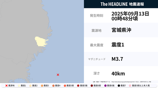 9月13日0時48分頃、岩手県で最大震度1の地震を観測
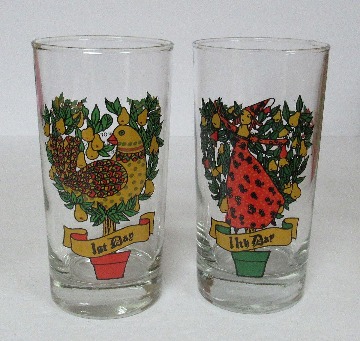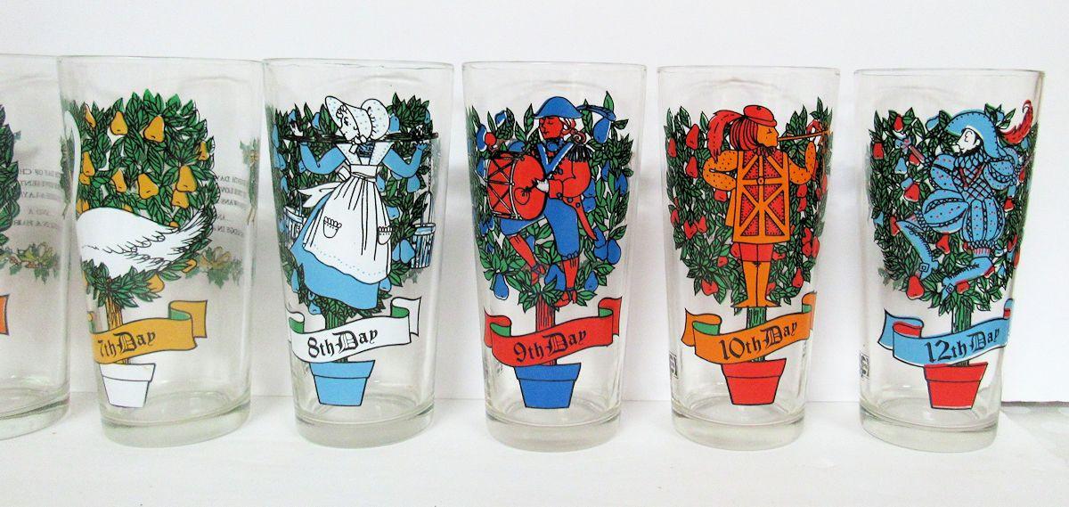 12 Days of Christmas Glass Tumblers, 10 are Pepsi Glasses 2 Are Different, Read Description
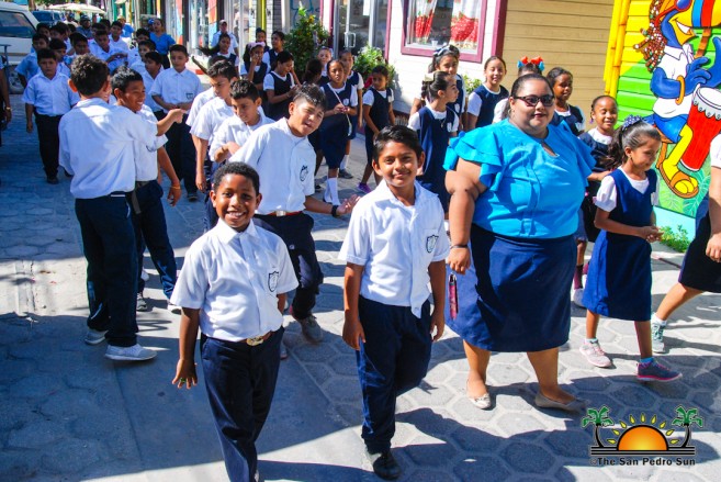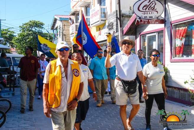 Mayor Daniel Guerrero, along with staff from The San Pedro Town Council joined the San Pedro Police Formation, members of the San Pedro Lions Club, students from primary and secondary schools along with members of the island’s Child Advisory Board in the parade. To the beat of a marching band, they marched with the torch through the main streets of downtown San Pedro.
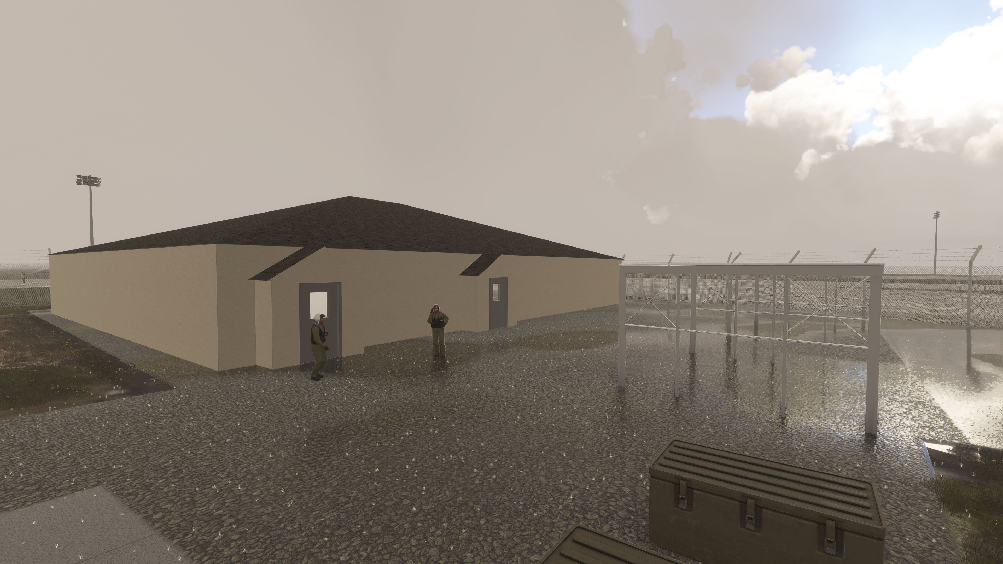 - Extensive building set combining scratch-made structures and library-based assets to represent operational zones, hangars, administrative blocks, and support facilities.
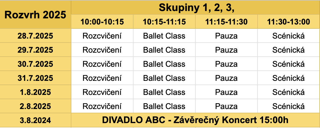 Upozorňujeme rodiče, že při této příležitosti je důležité zakoupit jednotné oblečení pro každého účastníka podle skupiny na závěrečný koncert do divadla ABC.
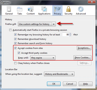 - Under the "Firefox will:" dropdown, select "Use custom settings for history"
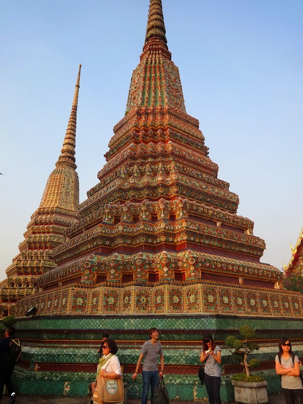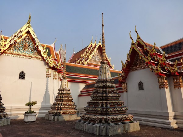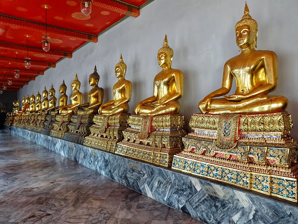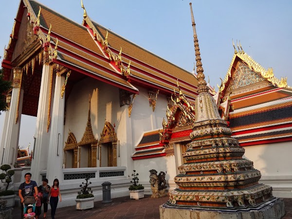 Wat Po to nie tylko Świątynia Leżącego Buddy, ale także cały kompleks budynków świątynnych, zachwycających blaskiem złota i misternymi ozdobami. Uwagę zwracają liczne wielobarwne posągi legendarnych bóstw, mistycznych demonów i postaci z buddyjskiego panteonu. W głównej kaplicy (bot), znajdującej się na wschodnim dziedzińcu, zobaczyć można 394 posągi Buddy wykonane z brązu. Do wnętrza tej budowli prowadzą pięknie wykonane drzwi z drewna tekowego, zaś jej podstawę zdobią 152 wyrzeźbione w kamieniu rysunki, przedstawiające historie zaczerpnięte z Ramakien. Po minięciu dziedzińca z posągami dochodzimy do kolejnej świątyni, w której nie ma w ogóle tłoku i można w spokoju pomedytować. Do tego czuć tutaj miły powiew świeżego powietrza, to zapewne dzięki otwartym oknom po dwóch stronach świątyni, dzięki którym mamy tutaj taką cyrkulację powietrza.
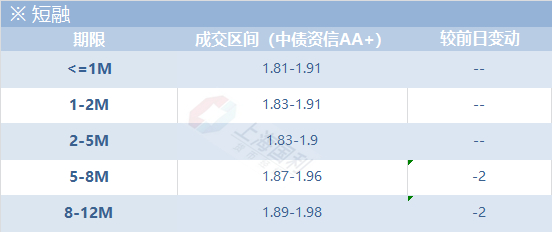 今日资金均衡,短融交投情绪一般,跨年短券收益下行2bp,年内基本持平周五;月内短券AAA主要成交在1.8-1.91区间,买盘主要为理财、基金和农商行,其中好名字的11D的沪机场股在1.88的位置被理财收入囊中;9月底到期的短券成交在1.83-1.91区间,买盘主力是基金,其中好名字的46D的电网在1.83的位置成交数笔;四季度AAA成较在1.83-1.90区间,买盘主要为基金和理财,好名字的券主要成交在1.85-1.87区间,如114D的北京国资在1.87的位置被基金带走;跨年一季度AAA成交在1.87-1.96区间,买盘主要为基金、理财、券商资管和少量农商行,好名字的券主要成交在1.87-1.92区间,如好名字的154D的光大集团成交在1.87,其他资质的券如221D的粤环保在1.945的位置被基金和券商资管收入囊中;跨年二季度AAA成交在1.89-1.98区间,电网主体的券在1.89-1.90区间成交数笔,267D的济南高新成交在1.96的位置。
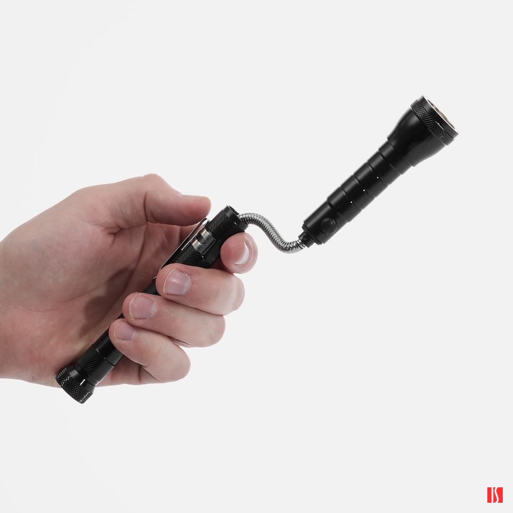 Заказать с нанесением логотипа от компании «Синтезис». Компактный фонарик Flexion — идеальное средство для освещения труднодоступных мест. Регулируемая длина и гибкое крепление лампочки позволяют направленно и точечно подсвечивать нужные зоны в самых сложных местах, например, под капотом или за мебелью. С помощью магнита на корпусе можно закрепить фонарь на металлической поверхности, освободив руки, —особенно удобно при ремонте, строительстве или работе в гараже. Магнит на излучателе поможет с легкостью достать упавшие в узкие щели металлические предметы.
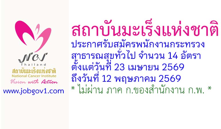 สถาบันมะเร็งแห่งชาติ รับสมัครพนักงานกระทรวงสาธารณสุขทั่วไป 14 อัตรา ตั้งแต่วันที่ 23 เมษายน 2569 ถึงวันที่ 12 พฤษภาคม 2569
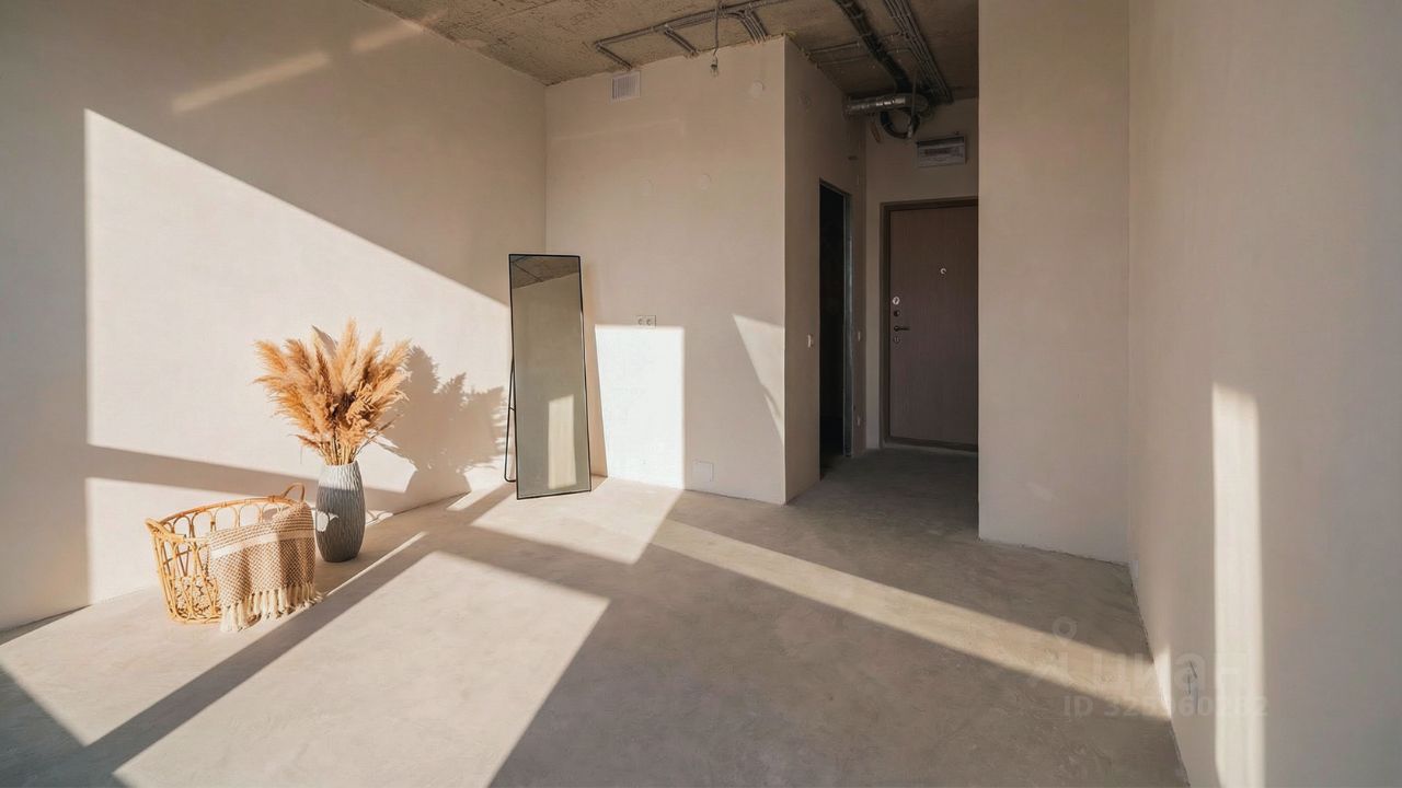 Внутри выполнена предчистовая отделка: разведена электрика, отопительная система смонтирована в полу, а ровная стяжка готова к дальнейшей отделке. Фасад студии выходит в тихий, закрытый двор, где застройщик создал уютные детские игровые площадки, спортивные зоны, зоны отдыха и живописную зеленую аллею с арт-объектами, создающую особую атмосферу уюта и гармонии.
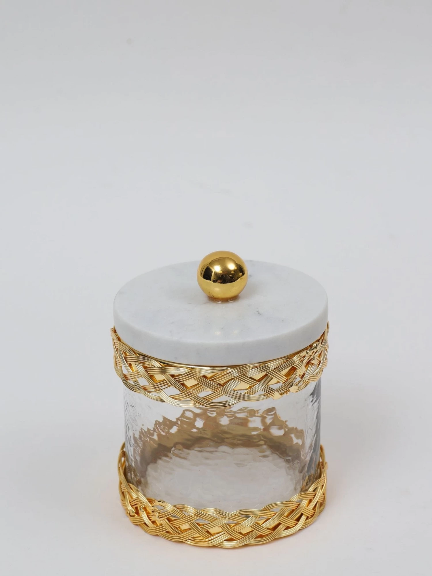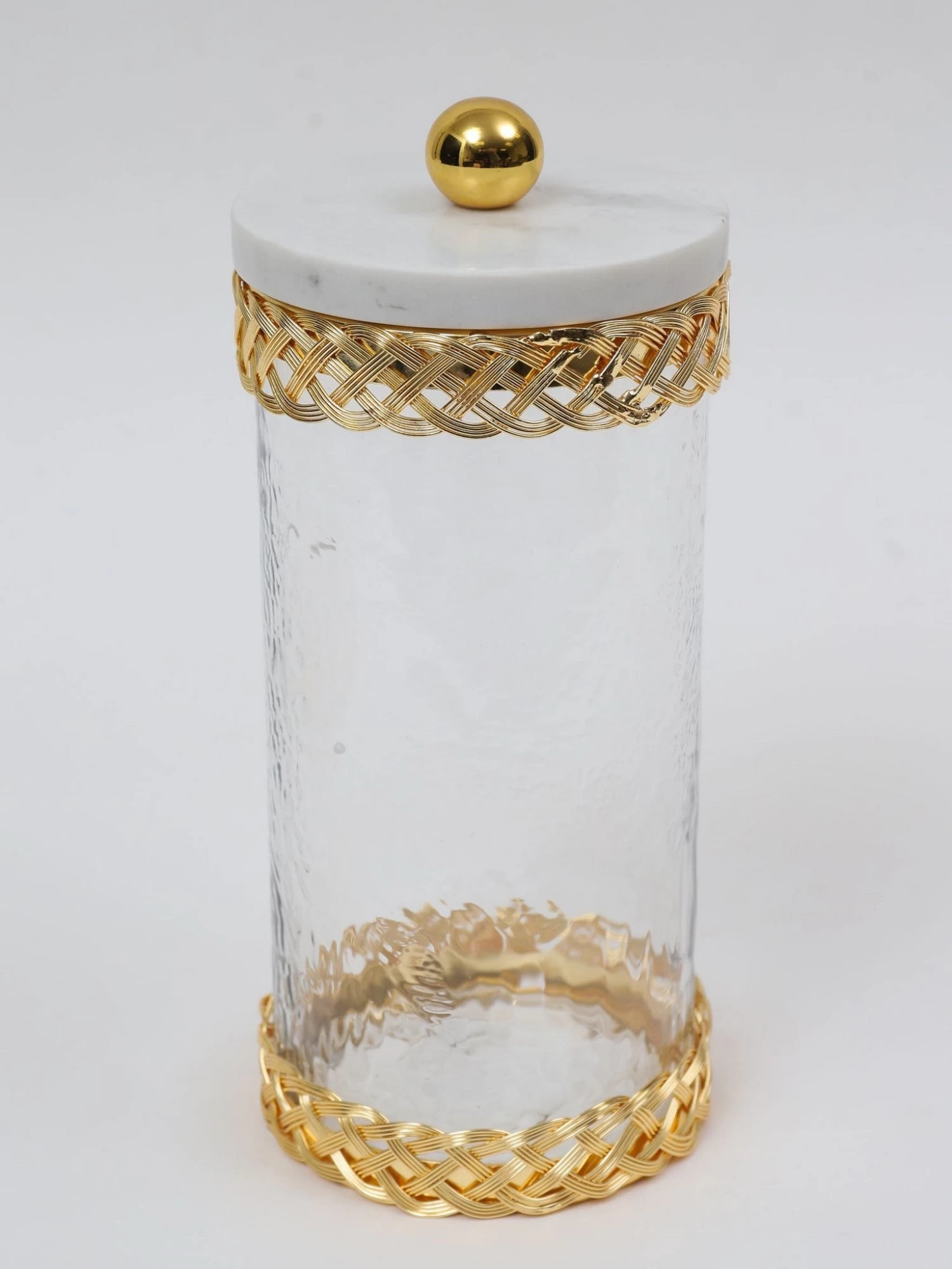 Description: These beautiful glass canisters have a golden lattice design and a marble top with a gold accent. What a stunning way to showcase on your coffee station, kitchen counter, or anywhere you need storage. These would look fabulous in your bathroom as well.
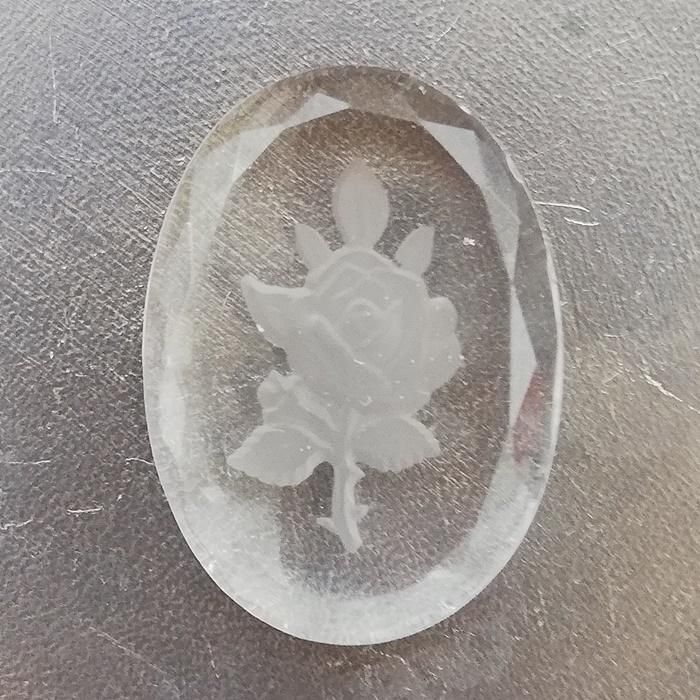 ヴィンテージ ガラス ドイツ インタリオ ローズ カメオカボション 25 x 18mm 【1個】

**WHAT YOU SHOULD DO**
Every line of the data should be transcribed exactly. Omit the images.

**THE ANSWER**
 9月13日0時48分頃、岩手県で最大震度1の地震を観測
 12 Days of Christmas Glass Tumblers, 10 are Pepsi Glasses 2 Are Different, Read Description
 Mayor Daniel Guerrero, along with staff from The San Pedro Town Council joined the San Pedro Police Formation, members of the San Pedro Lions Club, students from primary and secondary schools along with members of the island’s Child Advisory Board in the parade. To the beat of a marching band, they marched with the torch through the main streets of downtown San Pedro.
 - Extensive building set combining scratch-made structures and library-based assets to represent operational zones, hangars, administrative blocks, and support facilities.
 Upozorňujeme rodiče, že při této příležitosti je důležité zakoupit jednotné oblečení pro každého účastníka podle skupiny na závěrečný koncert do divadla ABC.
 - Under the "Firefox will:" dropdown, select "Use custom settings for history"
 Wat Po to nie tylko Świątynia Leżącego Buddy, ale także cały kompleks budynków świątynnych, zachwycających blaskiem złota i misternymi ozdobami. Uwagę zwracają liczne wielobarwne posągi legendarnych bóstw, mistycznych demonów i postaci z buddyjskiego panteonu. W głównej kaplicy (bot), znajdującej się na wschodnim dziedzińcu, zobaczyć można 394 posągi Buddy wykonane z brązu. Do wnętrza tej budowli prowadzą pięknie wykonane drzwi z drewna tekowego, zaś jej podstawę zdobią 152 wyrzeźbione w kamieniu rysunki, przedstawiające historie zaczerpnięte z Ramakien. Po minięciu dziedzińca z posągami dochodzimy do kolejnej świątyni, w której nie ma w ogóle tłoku i można w spokoju pomedytować. Do tego czuć tutaj miły powiew świeżego powietrza, to zapewne dzięki otwartym oknom po dwóch stronach świątyni, dzięki którym mamy tutaj taką cyrkulację powietrza.
 今日资金均衡,短融交投情绪一般,跨年短券收益下行2bp,年内基本持平周五;月内短券AAA主要成交在1.8-1.91区间,买盘主要为理财、基金和农商行,其中好名字的11D的沪机场股在1.88的位置被理财收入囊中;9月底到期的短券成交在1.83-1.91区间,买盘主力是基金,其中好名字的46D的电网在1.83的位置成交数笔;四季度AAA成较在1.83-1.90区间,买盘主要为基金和理财,好名字的券主要成交在1.85-1.87区间,如114D的北京国资在1.87的位置被基金带走;跨年一季度AAA成交在1.87-1.96区间,买盘主要为基金、理财、券商资管和少量农商行,好名字的券主要成交在1.87-1.92区间,如好名字的154D的光大集团成交在1.87,其他资质的券如221D的粤环保在1.945的位置被基金和券商资管收入囊中;跨年二季度AAA成交在1.89-1.98区间,电网主体的券在1.89-1.90区间成交数笔,267D的济南高新成交在1.96的位置。
 Заказать с нанесением логотипа от компании «Синтезис». Компактный фонарик Flexion — идеальное средство для освещения труднодоступных мест. Регулируемая длина и гибкое крепление лампочки позволяют направленно и точечно подсвечивать нужные зоны в самых сложных местах, например, под капотом или за мебелью. С помощью магнита на корпусе можно закрепить фонарь на металлической поверхности, освободив руки, —особенно удобно при ремонте, строительстве или работе в гараже. Магнит на излучателе поможет с легкостью достать упавшие в узкие щели металлические предметы.
 สถาบันมะเร็งแห่งชาติ รับสมัครพนักงานกระทรวงสาธารณสุขทั่วไป 14 อัตรา ตั้งแต่วันที่ 23 เมษายน 2569 ถึงวันที่ 12 พฤษภาคม 2569
 Внутри выполнена предчистовая отделка: разведена электрика, отопительная система смонтирована в полу, а ровная стяжка готова к дальнейшей отделке. Фасад студии выходит в тихий, закрытый двор, где застройщик создал уютные детские игровые площадки, спортивные зоны, зоны отдыха и живописную зеленую аллею с арт-объектами, создающую особую атмосферу уюта и гармонии.
 Description: These beautiful glass canisters have a golden lattice design and a marble top with a gold accent. What a stunning way to showcase on your coffee station, kitchen counter, or anywhere you need storage. These would look fabulous in your bathroom as well.
 ヴィンテージ ガラス ドイツ インタリオ ローズ カメオカボション 25 x 18mm 【1個】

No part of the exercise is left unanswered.